Employees are eligible for premium tax credits only if an HRA-IIHIC was offered but unaffordable.

Large employers who are under the ACA employer mandate can offer HRA-IIHICs if they are available to 95 percent or more of the company’s full-time employees and if the plan meets pricing and value standards.

Special enrollment periods (SEP) may apply for individuals who want to switch plans in order to get an HRA-IIHIC or qualified small employer HRA (QSEHRA).

The new limited excepted benefit HRA is an HRA that fits the four criteria outlined in the rule (including an $1,800 cap on excepted benefit amount) and covers excepted and some medical non-excepted benefits.

Group health plans are defined as plans that exclude premiums for HRA-reimbursed individual insurance.

Section 2711 now allows for even greater customization of the annual dollar limits by providing more options for EHB benchmark plans.

Legal expert Katie Keith, JD, MPH, of Health Affairs contends that the outcome relies upon the administration’s immediate next steps.

According to Keith, the rule will lead to greater administrative burdens, confusion for employees, and coverage loss for employees who cannot access a group health plans and do not want an employer-sponsored HRA. There will be a decrease in marketplace subsidies, rise in premiums, rise in cost-sharing, and “narrower networks.”

“11.4 million people will be in an HRA-IIHIC in 2029 while the number of people with traditional group health plan coverage will drop by up to 6.9 million,” Keith predicts.

However, she concedes that the plan is attractive to businesses that do not currently offer coverage. She also forsees benefits to the individual market risk pool.

“The broader the market, the better the average risk profile and the lower the premiums,” she states.

Other experts are also weighing in with expressing mixed reactions.

Researchers at The Brookings Institute also wrote an analysis of the new HRA rule.

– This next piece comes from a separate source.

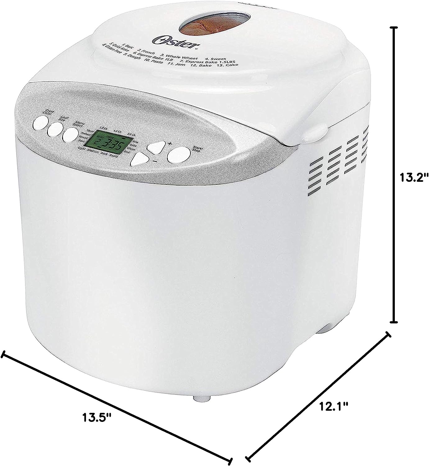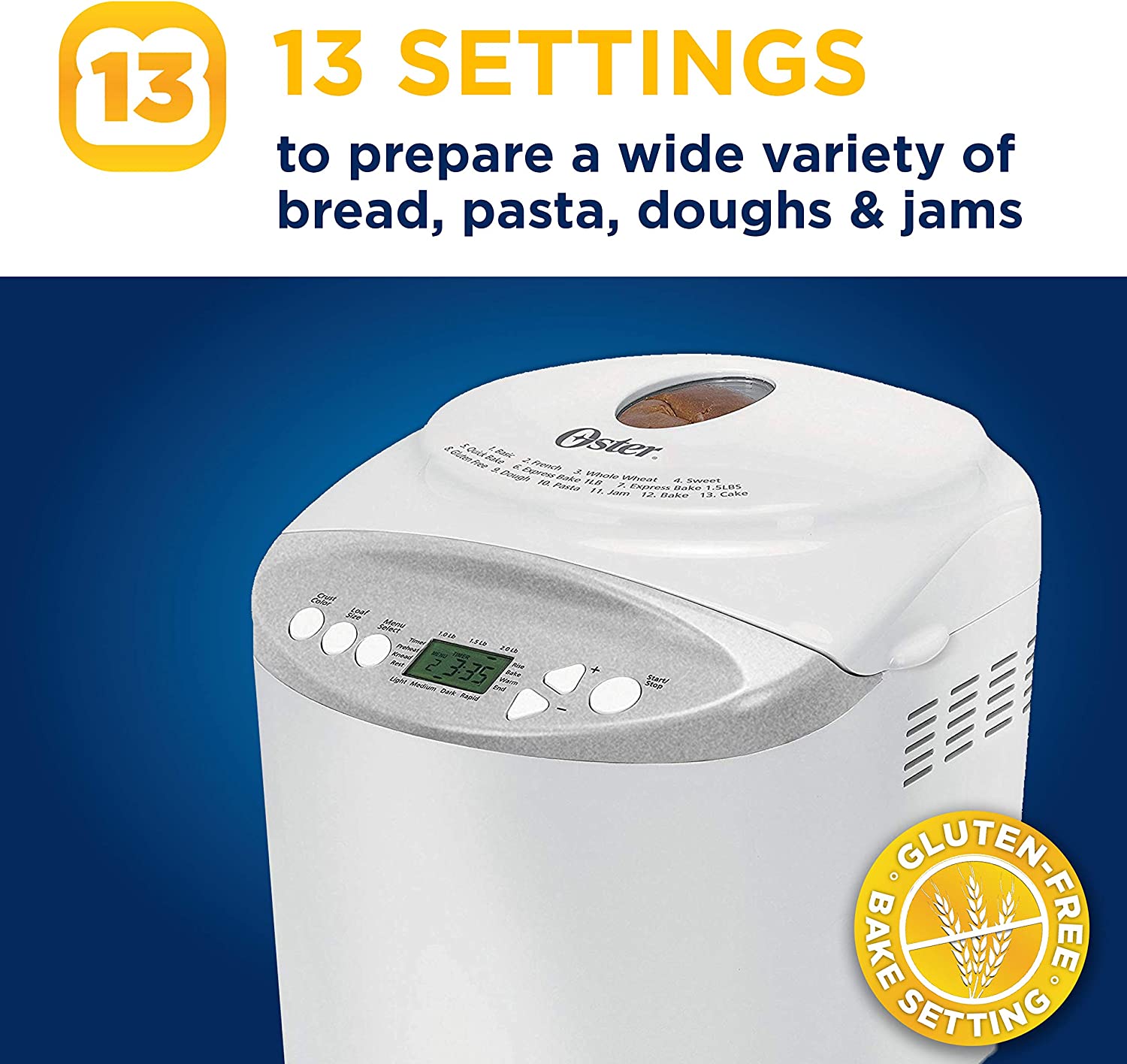 Make bakery-style artisan bread at home with the Oster Expressbake Bread Maker with Gluten-Free Setting. With its compact, user-friendly design, 13 settings including express and gluten-free options, and 3 crust selections, this countertop bread maker makes it easy to bake a variety of breads whether you want cinnamon raisin bread in the morning, whole wheat sandwich bread in the afternoon, or buttery dinner rolls. This bread machine features an ExpressBake cycle that bakes delicious loaves in as little as one hour. The large LCD display allows you to easily navigate the settings, while the programmable timer lets you delay the bake time by up to 13 hours--so you can prepare ahead and enjoy a freshly baked loaf exactly when you want it. The bread maker comes complete with measuring tools, kneading blades, and delicious recipes. Ideal for larger families, the Expressbake bread maker has up to a 2-pound loaf capacity.

Their research highlights, positively, that employers are required to divide their workforce into classes and cannot extend both an HRA and a traditional group plan to the same class. This facet of the rule prevents companies from singling out sicker workers and placing them on the HRAs while offering traditional group plans to their peers. The authors predict, however, that this aspect of the plan will not prevent an increase in premiums in the individual market which, they claim, will be shouldered by older workers.

In addition, the article notes that there are significant tax implications attached to each excepted benefit HRA option, which may affect employees’ ACA eligibility.

The Brookings article notes four potential issues with the current plan:

  • The age limitations may prevent employers from wildly varying their contributions based on age, however, the authors argue that older workers will nevertheless be paying more, making employers less likely to opt to use HRAs

  • The January 1, 2020 effective date gives the Marketplace under five months to adjust to the new plan which may result in confusion and complications for employees undergoing the change in healthcare

  • Using individual market HRAs to purchase group policies is forbidden but due to relaxed verification standards and the tendencies of short-term limited-duration insurance and health care cost-sharing ministries to blend into the individual market, beneficiaries may not realize they are compromising their individual market HRA

  • The legal loopholes in the original version have not changed; these HRAs will remain noncompliant with ACA despite being ‘integrated”

Brookings experts also claim there are flaws in the projected budget of $51 billion because actual costs will be affected by rising individual marketplace costs and federal spending, and that healthier markets will be hardest hit by the outcomes of this new rule.

The full text of the final rule will be available to the public on June 20.